* _Task prompt_
For this exercise, repeat exactly the lines below starting at the line holding "Une fois les" and ending at the line holding "S’enchaîne ensuite la", both included, with no extra lines and no pictures.

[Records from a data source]
[Start of Attachment]

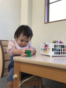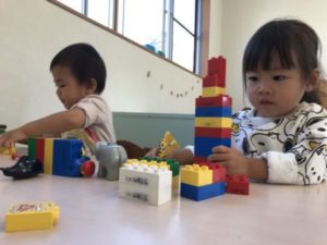 前日とは違う玩具に入れ替え、こっそりと棚の上に置いてみました。園庭から帰って来た子どもたちは玩具が変わっていることに気が付いた様です。「やったーー!」と嬉しそうに玩具を棚の上から机へと運んできて遊び始めています。ブロックを高ーく積み上げたり、ブロックの中に入っている赤と青の柵を高く積んだブロックの上に付け、面白いタワーが出来上がっていました。別の机には白い紙だけが・・・こどもたちはそれを見つけ暫く考え中・・・。「せんせー!」っと保育士の傍へとやって来た2歳児の姿がありました。「あのさ~、かきかきしたいの」「かきかきかして~!」っと伝えに来たようです。「かして~」っと伝えに来た子にお絵描きが出来るアイテムを渡してみました。すると・・・机に運んで行き、お絵描きが始まりました。じっくりと座って楽しんでいました。紐通しに挑戦していたお友だちは何度も紐に通し、遊び終えると今度は指にはめ「ガォーー!たべちゃうじょー!(たべちゃうぞー)」っと動物になりきっていました。今日もお部屋のあちら、こちらで面白い遊びを発明し、次々と展開させていく様子が沢山見られました。さて!明日はどんな遊びが盛り上がるでしょう?お楽しみに!
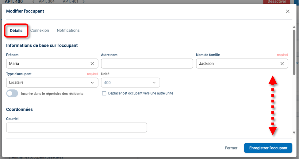 Une fois les modifications terminées, cliquez sur Enregistrer l’occupant.
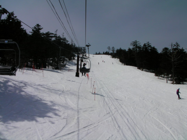 思わぬハプニングでゴンドラ山麓駅まで滑ってしまい、二度目のゴンドラ乗車で上がってきて、本白根第1ロマンスリフトに乗ってみます。スキーもスノーボードも持たない所謂観光客もちらほら見受けられました。
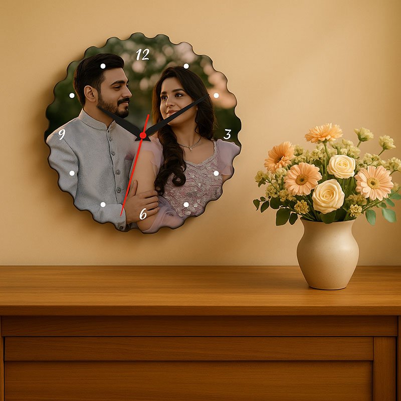 Perfect for adding a personal touch to your home or gifting someone special, this curved-edge round clock blends softness with sophistication. Customize it with your photo and create a timeless piece of decor.
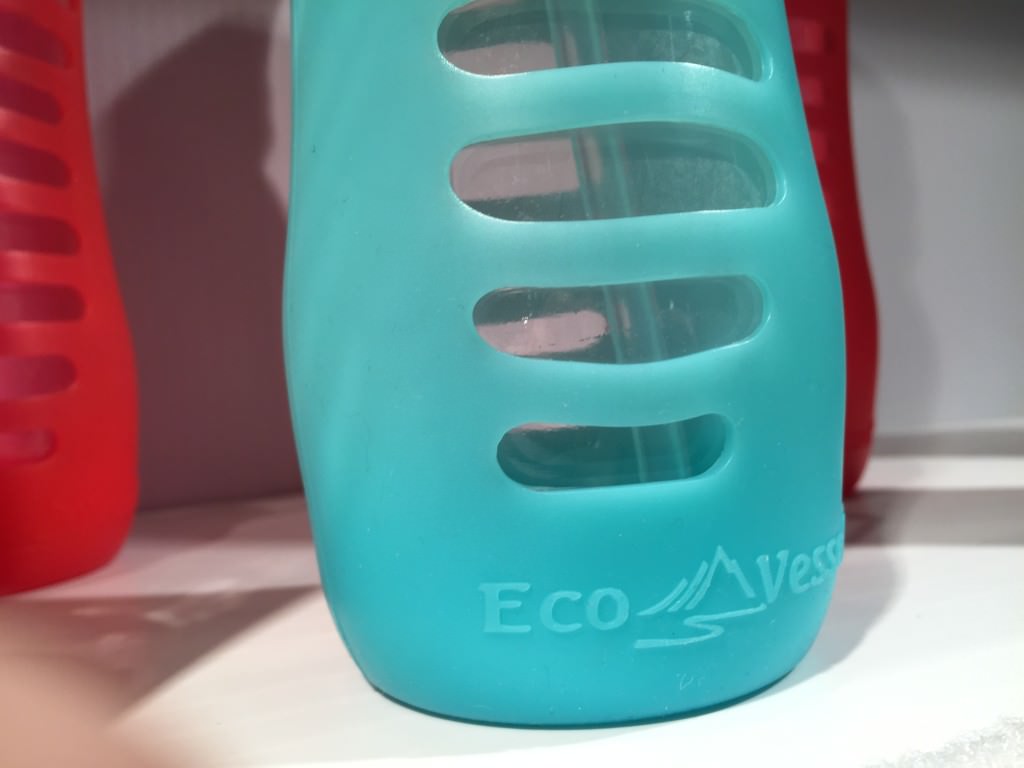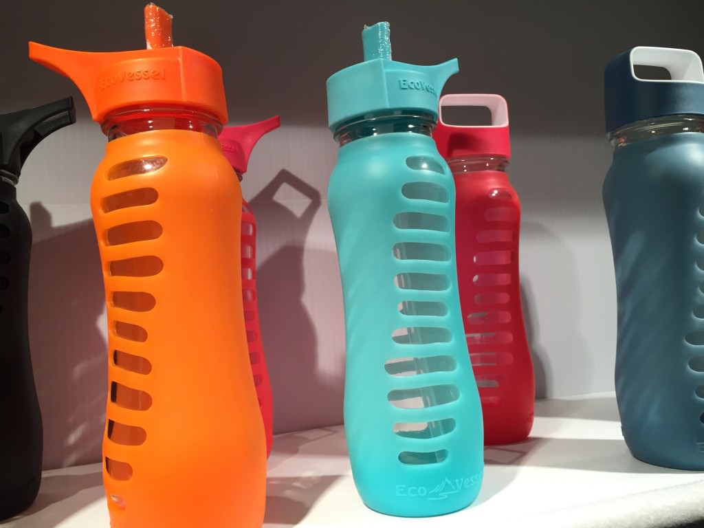 Overview: The Surf line is a glass, 60% recycled glass bottle so it’s not going to have any leaching or any tastes that come through with your beverage. Eco Vessel has surrounded the glass in a silicone reinforcement. They also have a technology here patented called Drop Shield. Drop Shield has a quarter inch of silicone in the base so if it does, which we all do, we happen to drop our bottles from time to time; this has been tested at drops of up to 6 feet. So you can have a nice clean glass bottle and have it be durable.
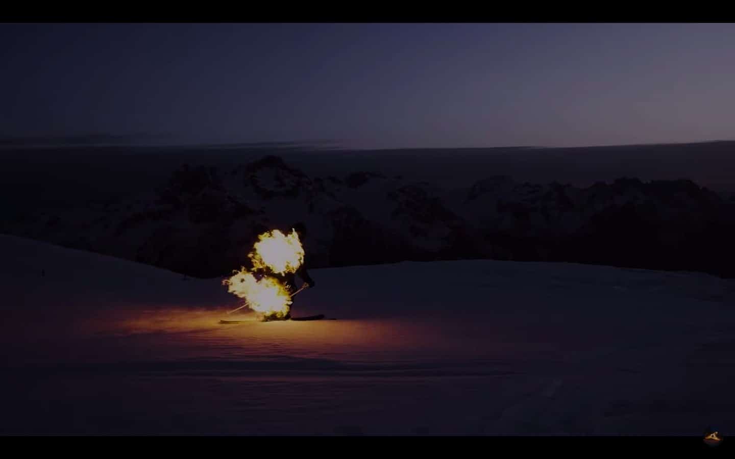 S’enchaîne ensuite la descente spectaculaire du skieur, véritable boule de feu dans un décor sombre et enneigé, qui termine finalement son parcours dans une grotte de glace.
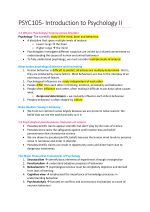 - Selling my detailed, thorough and comprehensive notes for PSYU1105 - Headings are colour coded to break down information and topics. Notes include all weekly topics and lecture readings: Week 1- Developmental Psychology (Chapter 10) Week 2- Developmental Psychology (Chapter 10) Week 3- Developmental and Health Psychology (Chapter 12) Week 4- Health Psychology (Chapter 12) Week 5- Social Psychology (Chapter 12) Week 6- Social Psychology (Chapter 13) Week 7- Organisational Psychology (Includes external required reading summary) Week 8- Organisational Psychology (Includes external required reading summary) Week 9 - Perception (Chapter 4) Week 10 - Perception (Chapter 4) Week 11- Cognition (Chapter 7) Week 12- Cognition (Chapter 7) Statistics Component, all topics included in notes: Week 1: Intro to statistics Week 2: Why statistics? Week 3: Intro to stata + data input Week 4: Summarising data Week 5: Fundamental concepts Week 6: T- tests 1 Week 7: T- tests 2 Week 9: Correlations Week 10: Chi square tests Week 12: Communicating statistics Please note, I completed this unit when the unit code was PSYC105 before it was changed to PSYU1105 earlier this year. The content and unit is still the same, the unit code has just been changed.
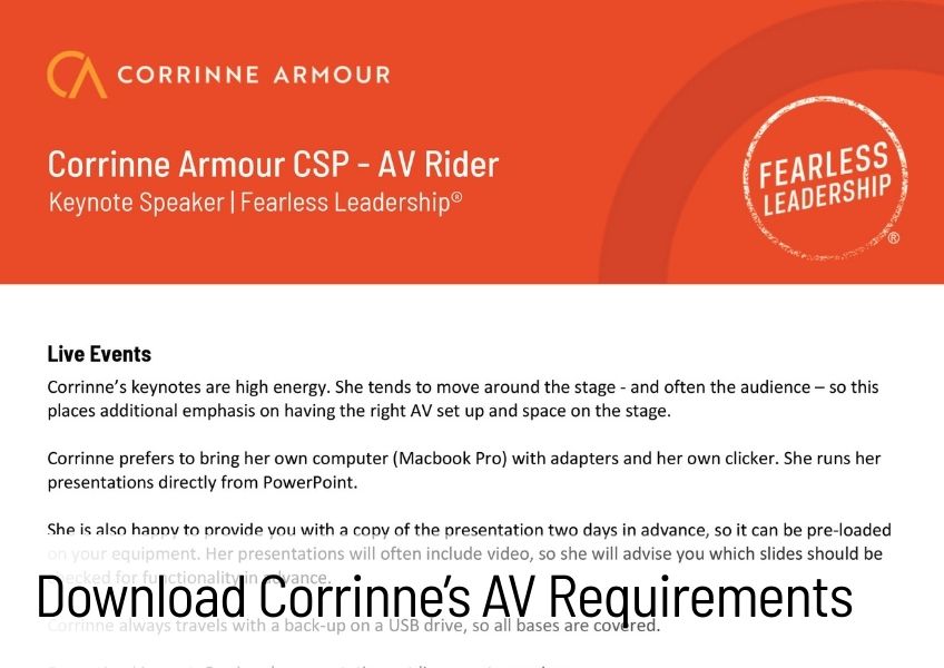 In one convenient location, here you will find everything you need for before, during, and after Corrinne speaks at your event. If there is anything else you need, get in touch.
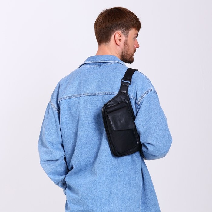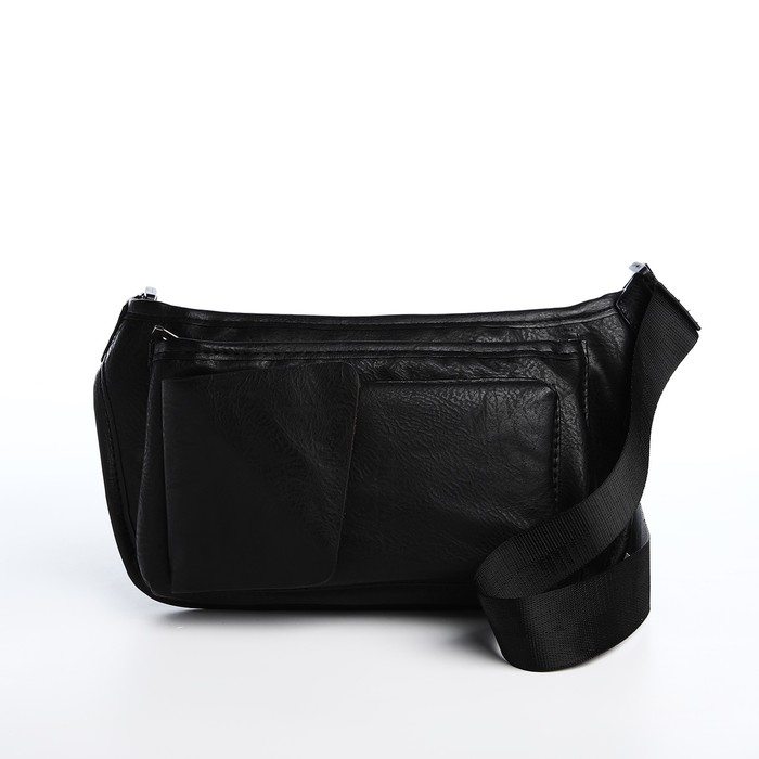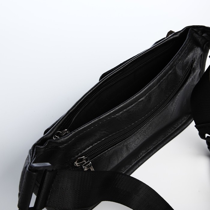 Поясная сумка на молнии, 3 наружных кармана, цвет чёрный
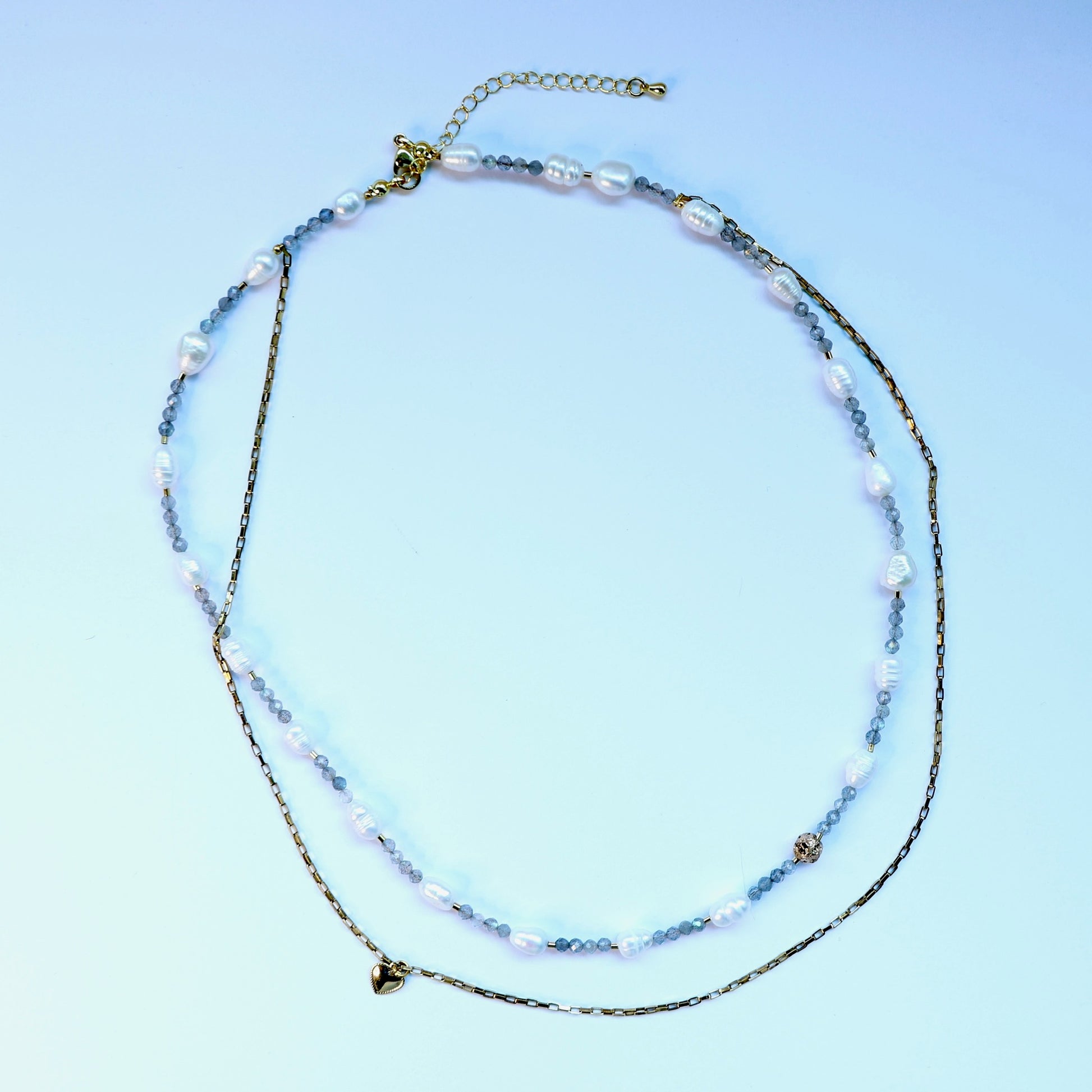 En romantisk, dobbeltlaget halskæde med naturlige perler og fine lyseblå krystaller.
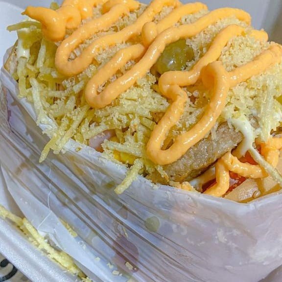 Pão, 1carne, 1ovo, queijo mussarela, presunto, bacon calabresa, cheddar cremoso, alface, tomate, cebola, milho, ervilha, passas, batata palha, ovo codorna, queijo ralado e azeitona
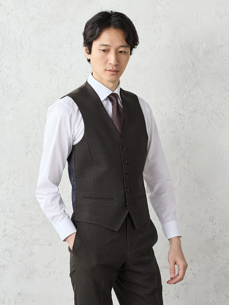 フォーマルな装いにも映える3ピーススタイルで、様々なコーディネートをお楽しみいただけます。
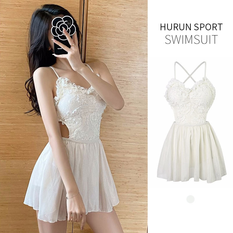 网红风轻奢感白色蕾丝吊带显瘦裙式连体泳衣女款夏仙遮肉性感遮肚
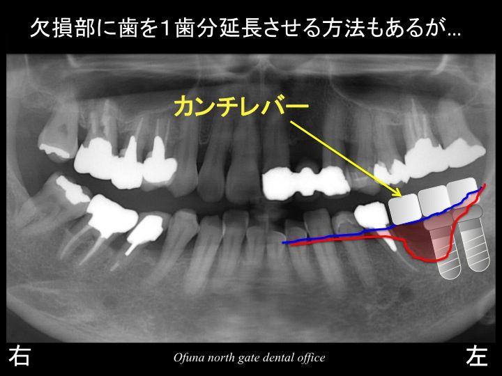 カンチレバー という方法で欠損部をどうにかする方法はあります。
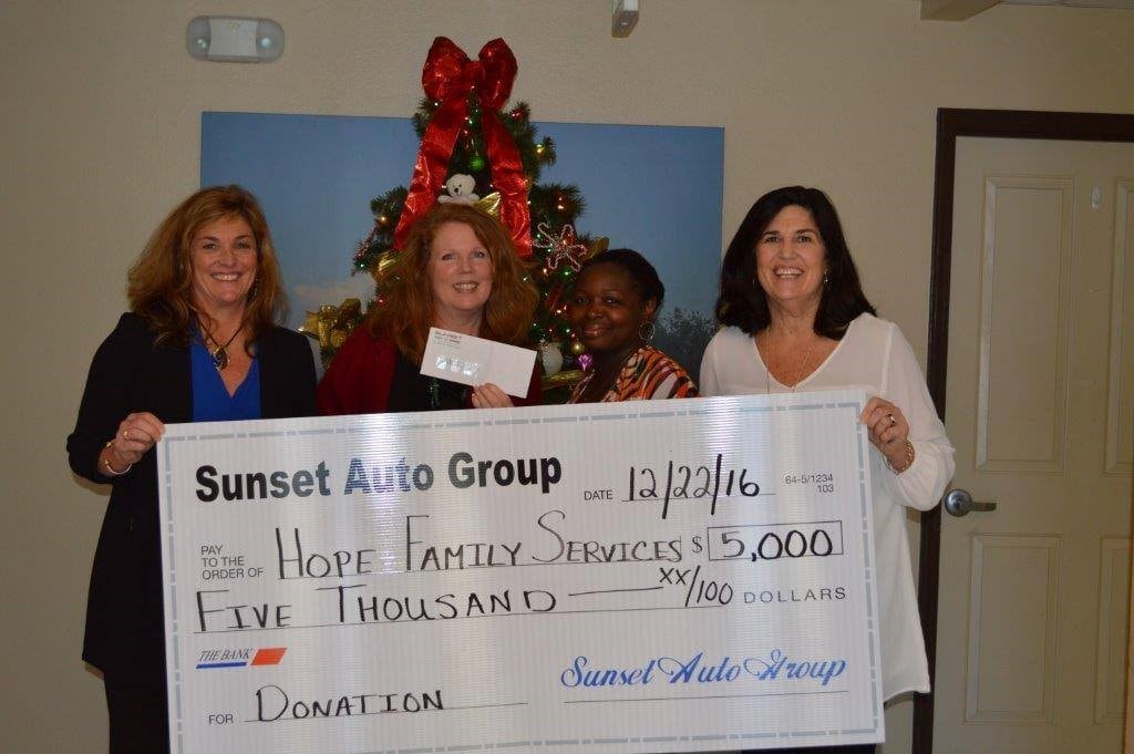 In the spirit of giving, we were honored to present HOPE Family Services in Bradenton, FL with a $5000 donation. Andrea Jackson, Executive Director, presented Laurel Lynch, CEO, with the check! HOPE's primary purpose is to provide services to survivors of domestic violence and help them stay safe, gain strength, and evaluate their options. On behalf of Sunset Auto Group, thank you so much for all you do!

[End of Attachment]

* _Solution to this problem_
 Une fois les modifications terminées, cliquez sur Enregistrer l’occupant.
 思わぬハプニングでゴンドラ山麓駅まで滑ってしまい、二度目のゴンドラ乗車で上がってきて、本白根第1ロマンスリフトに乗ってみます。スキーもスノーボードも持たない所謂観光客もちらほら見受けられました。
 Perfect for adding a personal touch to your home or gifting someone special, this curved-edge round clock blends softness with sophistication. Customize it with your photo and create a timeless piece of decor.
 Overview: The Surf line is a glass, 60% recycled glass bottle so it’s not going to have any leaching or any tastes that come through with your beverage. Eco Vessel has surrounded the glass in a silicone reinforcement. They also have a technology here patented called Drop Shield. Drop Shield has a quarter inch of silicone in the base so if it does, which we all do, we happen to drop our bottles from time to time; this has been tested at drops of up to 6 feet. So you can have a nice clean glass bottle and have it be durable.
 S’enchaîne ensuite la descente spectaculaire du skieur, véritable boule de feu dans un décor sombre et enneigé, qui termine finalement son parcours dans une grotte de glace.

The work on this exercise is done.